This whole getting older thing sucks. Seriously. Sucks.
My hair used to be a lovely mahogany. Now it is a mix of drab brown, shocking white, brassy yellow and ugly. Last year I decided to quit coloring my hair, because the amount of white in my hair reached a point that when my roots grew in I looked like a skunk.
Brown Ends + White Roots = Skunk Stripe
Instead of just growing it out cold 'skunky', my colorist encouraged me to go lighter. "Embrace the Gray" she said. Mind you this was coming from a tall, thin,beautiful twenty-something blond with long beautiful hair. She recommended we highlight the areas of my hair that have the largest amount of white - in the whitest blond she could make.
I went from redhead to blond over night. I freaked out a smidge. Scared the hell out of myself in the mirror a few times until I accepted that my hair is hideous.
Now with the gray has come this kinky, curly, FRIZZ! What is up with that? (I won't mention anything about the kinky hairs that grow in unmentionable places). Really, what is this? Some kind of karmic joke?

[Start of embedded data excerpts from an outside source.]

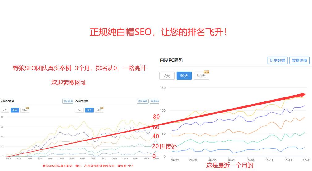 這是客戶找我們做的第二個網(wǎng)站。第一個網(wǎng)站的權(quán)重做到了4,第二個網(wǎng)站做了三個月,排名飛升!這個效果是相當(dāng)不錯的。,而且后邊的沖勁兒也很猛。野狼SEO團(tuán)隊,真心付出,用心做排名!
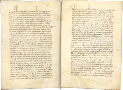 ff. 1-10, Nicolas de Clamanges (c. 1363-1437), Letter to Pope Benedict XIII, 14 April 1395, published in Du Boulay 1648, vol. 4, pp. 740-747, incipit, “Sanctissimo in christo patri domino Benedicto divina providentia sancte Romane ecclesie summo pontifici devota sue beatitudinis filia universitas studii parisiensis, devotum et humillimum cum filiali Reverentia obsequium. Quoniam, pater beatissime, ante paucorum mensium spatium ad abolendum scisma nequissimum, quod catholicam coinquinat eccleciam et letali jam tandiu vulnere sauciat … Sed et id scire volumus vestram beatitudinem quod si quodquam urgentius fortasse dictum est, non tam propter vos dictum est, quem satis voluntarium non multis egere scimus stimulis, quam propter alteram partem quam fortasse remissiorem et torpentem excitare oportebat altiori voce.”; followed by the colophon, “Placuit universitati die decimaquarta mensis aprilis anno domini millesimo CCC° nonagesimo quinto” (f. 10).
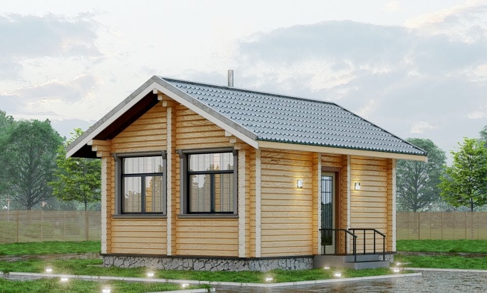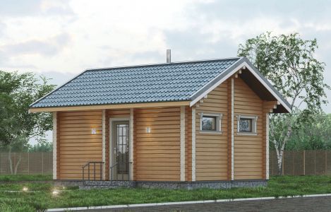 Баня из профилированного бруса с традиционной архитектурой и двускатной формой крыши. Вход в баню выполнен через открытую террасу — необходимость в отдельно-стоящей беседке попросту отпадает! В планировке предусмотрено все самое необходимое — комната отдыха, парная и мойка.
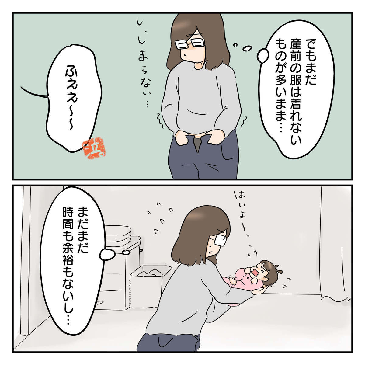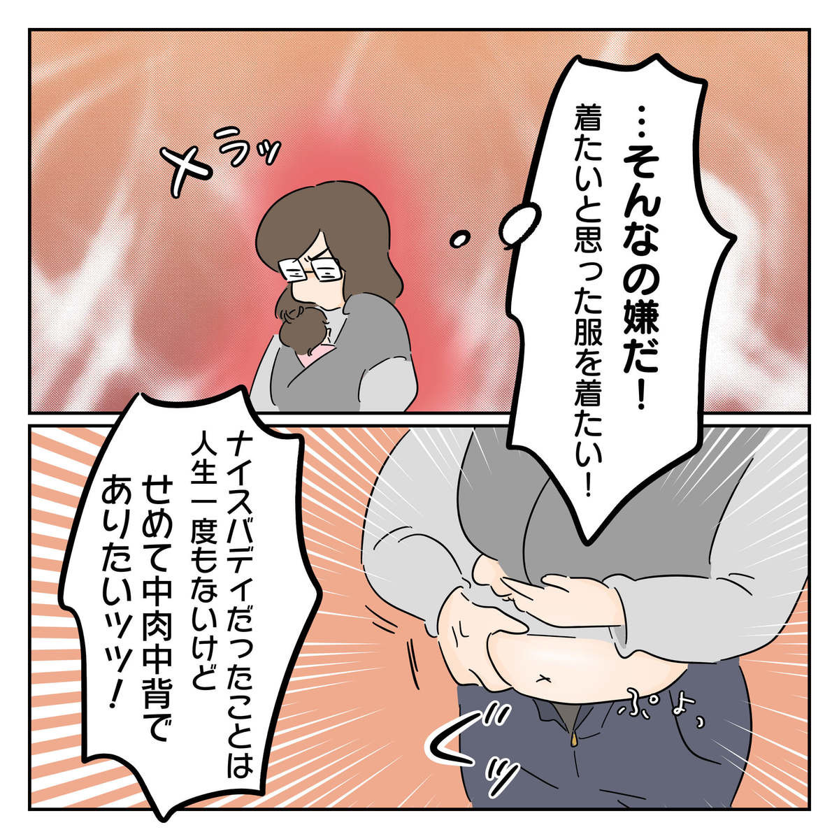 【共感!産後太り漫画】出産しても好きな服を着たい(号泣)メラメラ燃える贅肉への闘志【17kg太って17kg痩せた後ダイエットを辞めました⑨】

I don't have bad hair days. I have bad hair YEARS! Now I get to face the rest of my life with frizzy, frumpy, white hair. Gee, thanks G_d.
We are rewarded for carrying and birthing our babies, furthering our species....by this? Just further proof that G_d is a man. Really. Think about it. What other explanation is there?
My doctor told me last year that I am in early onset menopause and it sucks the giant succubus. Combined with the gray hair I now have raging hormones from menopause hell.
This afternoon I went to Fido's with Cindy where we worked in the big field. She was on one end of the field. I was on the other.
We were holding the sheep for each other and trading outruns. Brynn was beautiful. Just beautiful. But when it was Beth's turn, things took a dramatic turn for the worse.
Every single lift, she left a sheep behind. Ever. Single. Time.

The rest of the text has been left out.